What could have happened in the home care industry didn’t. In 2012, based on interviews with the best and the brightest in and around the home care industry, an idea was born and documented. It was radical – the idea of a network for sharing relevant information across organizational boundaries about a home care recipient with stakeholders, family, health providers. In this vision, the care recipient was at the center of this information sharing across the stages and steps of living independently, senior housing, rehab, hospital, and home. Instead of this vision outlined in The Future of Home Care Technology 2012, we have today’s franchised and fragmented home care industry – regionally focused, achieving the most minimal advances in technology deployment.
Honor buys Home Instead: one of the newest acquires one of the oldest. Honor, a recipient of $255 million in total investment (Series D in October, 2020), has pivoted here and there since its $20 million-fueled launch in 2015, always intent on disrupting the home care industry. For a while, many in the industry were skeptical.

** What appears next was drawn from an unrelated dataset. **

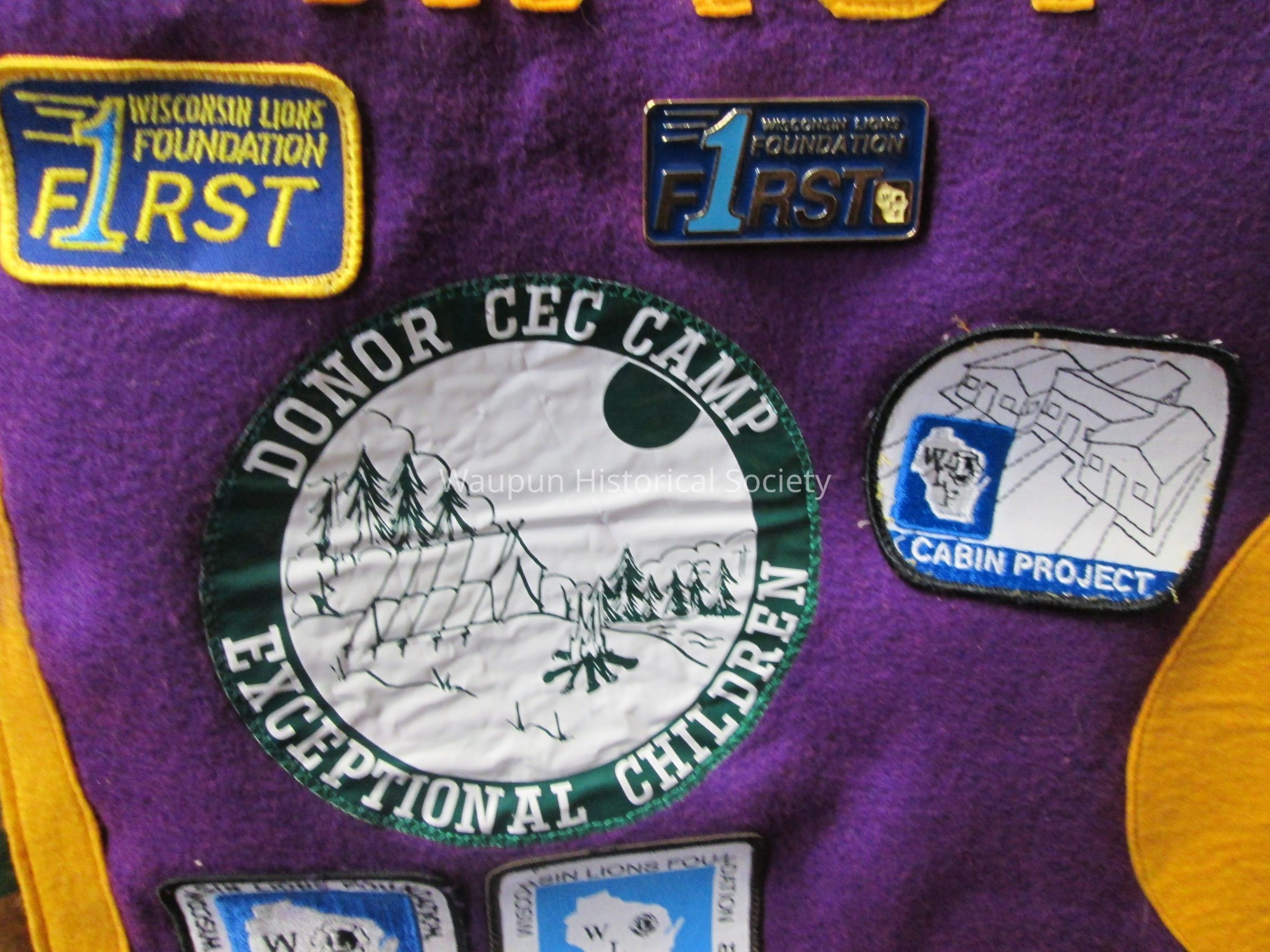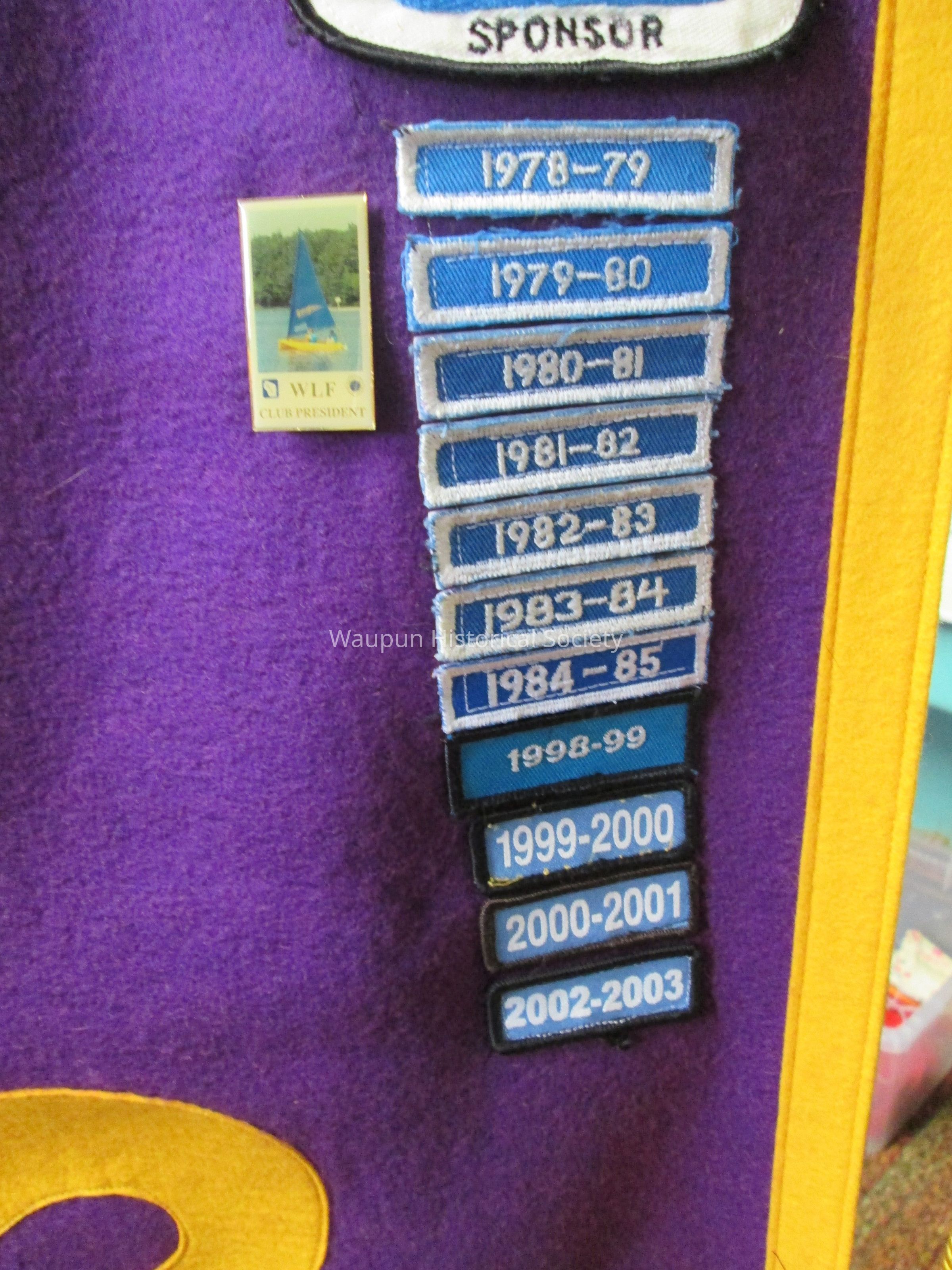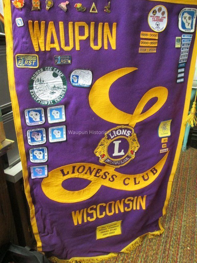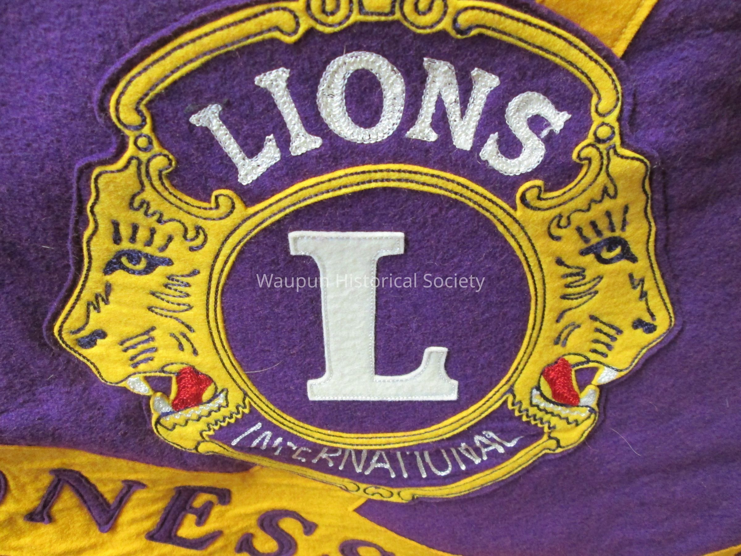 Purple and Yellow Felt Waupun Lioness Banner for the years of 1978 through 2009. Contains yearly membership patches and Wisconsin Lions Foundation Appreciation Award patches. Also included at the top of the banner are some of the trading pins designed by members of the club. Flag hanges from a collapsable metal tripod.

They viewed it as a threat – see interviewee comments in 2017’s Tech-Enabled Home Care. Honor began as a home care company, then a home care tech platform company and buyer of smaller home care companies -- bulking up prior to Friday, when it acquired the largest home care company in both the US and UK– Home Instead.
SAN FRANCISCO and OMAHA, Neb., Aug. 6, 2021 /PRNewswire/ -- Honor and Home Instead announced today that Honor Technology, Inc. has acquired Home Instead, Inc., effective Aug. 6. The acquisition brings together the largest, highest-touch home care network and the leading home care technology and operations platform to transform the professional caregiver and client experience and revolutionize care for older adults.

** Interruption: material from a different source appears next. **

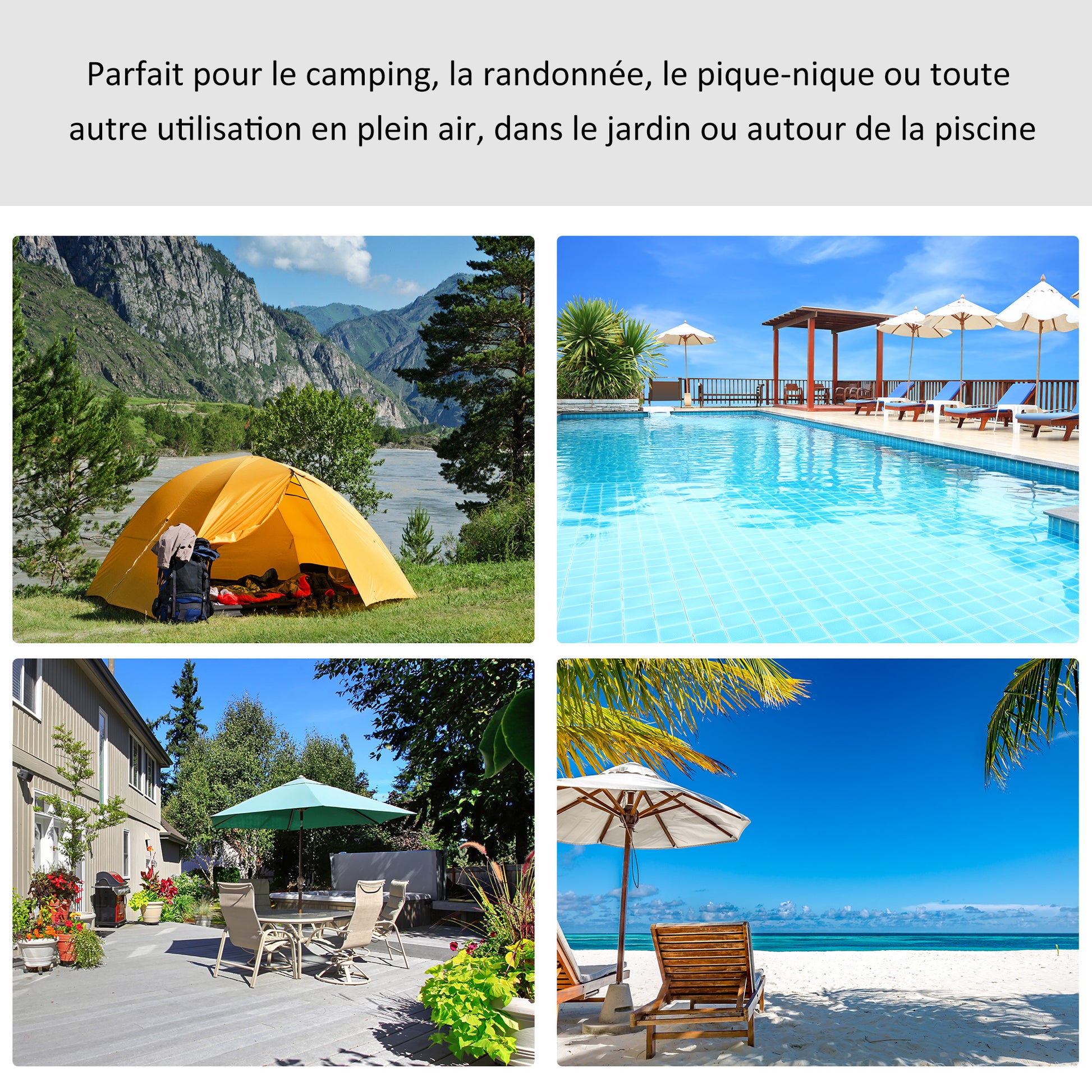 - - KOKYBIŠKAS PADAŽAS: aukštos tankio komforto tekstilės danga 580 g/m²: UV atspari, drėgmei atspari, atspari saulės kremams ir aliejams, ideali naudojimui prie jūros ar baseino

The home care market is (still) a booming business opportunity. Home care of various types now augments and even enhances services that not long ago may have been provided by senior housing. Pre-pandemic forecasts indicate 34% annual job growth from 2019-2029, much faster than average, and demand has no doubt been exacerbated during 2020. Home care workers are also among the lowest paying and least trained occupations. Frail patients, according to insiders, are increasingly being discharged from hospitals directly to home, bypassing rehab nursing homes. At home, these individuals likely still require assistance with activities of dressing, bathing, medication management, food preparation and household tasks. And many already at home and in assisted living need the same care.